*REQUIRED WORK*. Before returning the data, strip out the pictures and keep everything else exactly the same.

*RECORDED DATA*.
Content starts
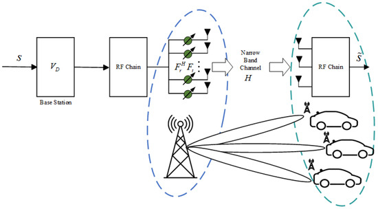 This paper investigates a narrowband multiple-input multiple-output (MIMO) millimeter-wave downlink system using a simulated precoding architecture in the Internet of Vehicles system, as shown in Figure 1. And the core parameters used in this paper are shown in Table 1.
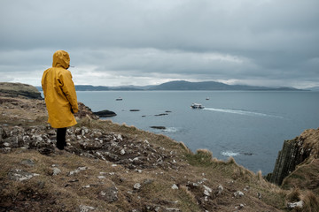 Woman with yellow oilskin jacket observing a boat from Staffa Island in Scotland
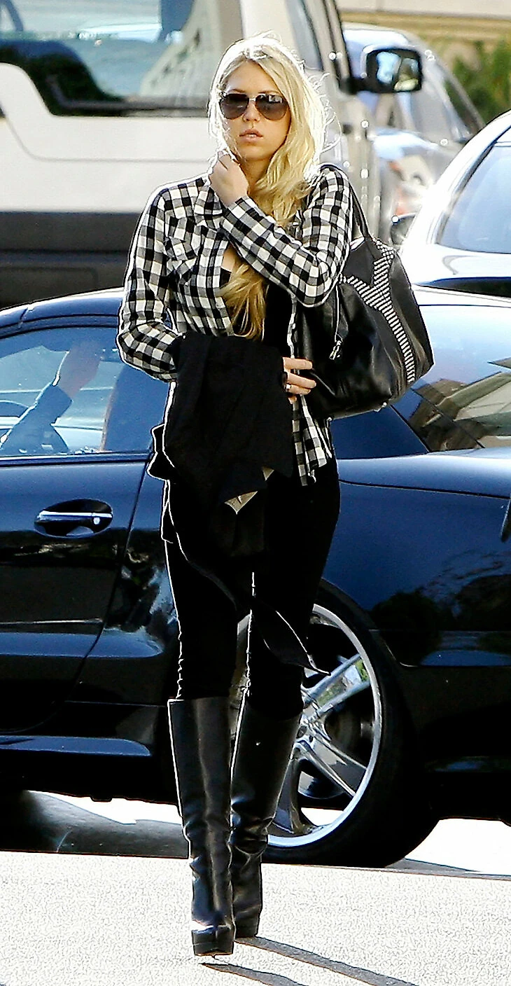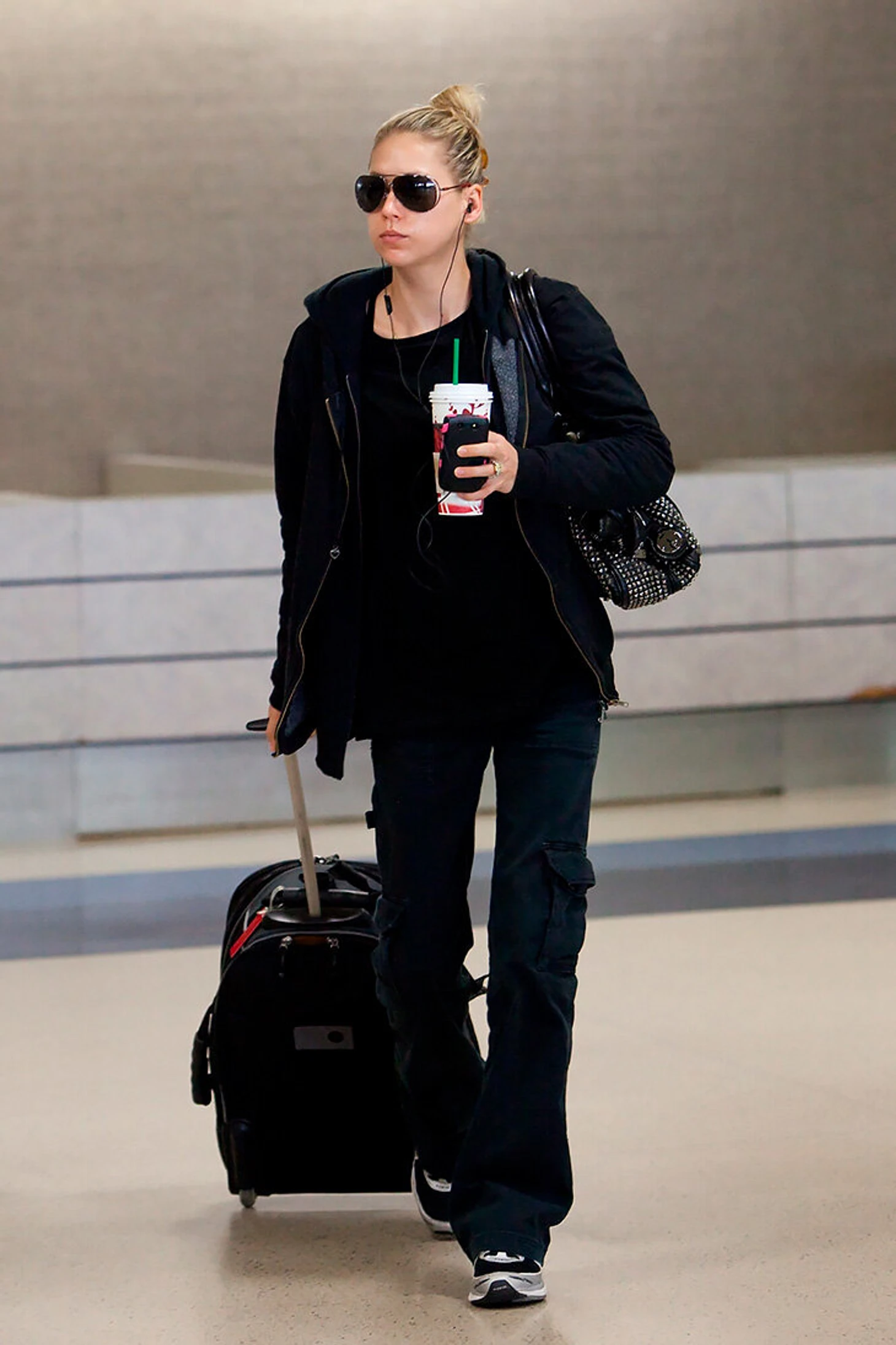 Более современную интерпретацию бохо-шик получил, например, в коллекциях бренда Chloé, который в тот период возглавляла Стелла Маккартни (а ассистировала ей Фиби Файло, позднее ставшая главным дизайнером 2010-х). Наряд как раз в стиле Chloé – джинсы и струящийся топ с вышивкой – на Курниковой на вечеринке в Лос-Анджелесе летом-2003.
Content ends
*YOUR SOLUTION*.
 This paper investigates a narrowband multiple-input multiple-output (MIMO) millimeter-wave downlink system using a simulated precoding architecture in the Internet of Vehicles system, as shown in Figure 1. And the core parameters used in this paper are shown in Table 1.
 Woman with yellow oilskin jacket observing a boat from Staffa Island in Scotland
 Более современную интерпретацию бохо-шик получил, например, в коллекциях бренда Chloé, который в тот период возглавляла Стелла Маккартни (а ассистировала ей Фиби Файло, позднее ставшая главным дизайнером 2010-х). Наряд как раз в стиле Chloé – джинсы и струящийся топ с вышивкой – на Курниковой на вечеринке в Лос-Анджелесе летом-2003.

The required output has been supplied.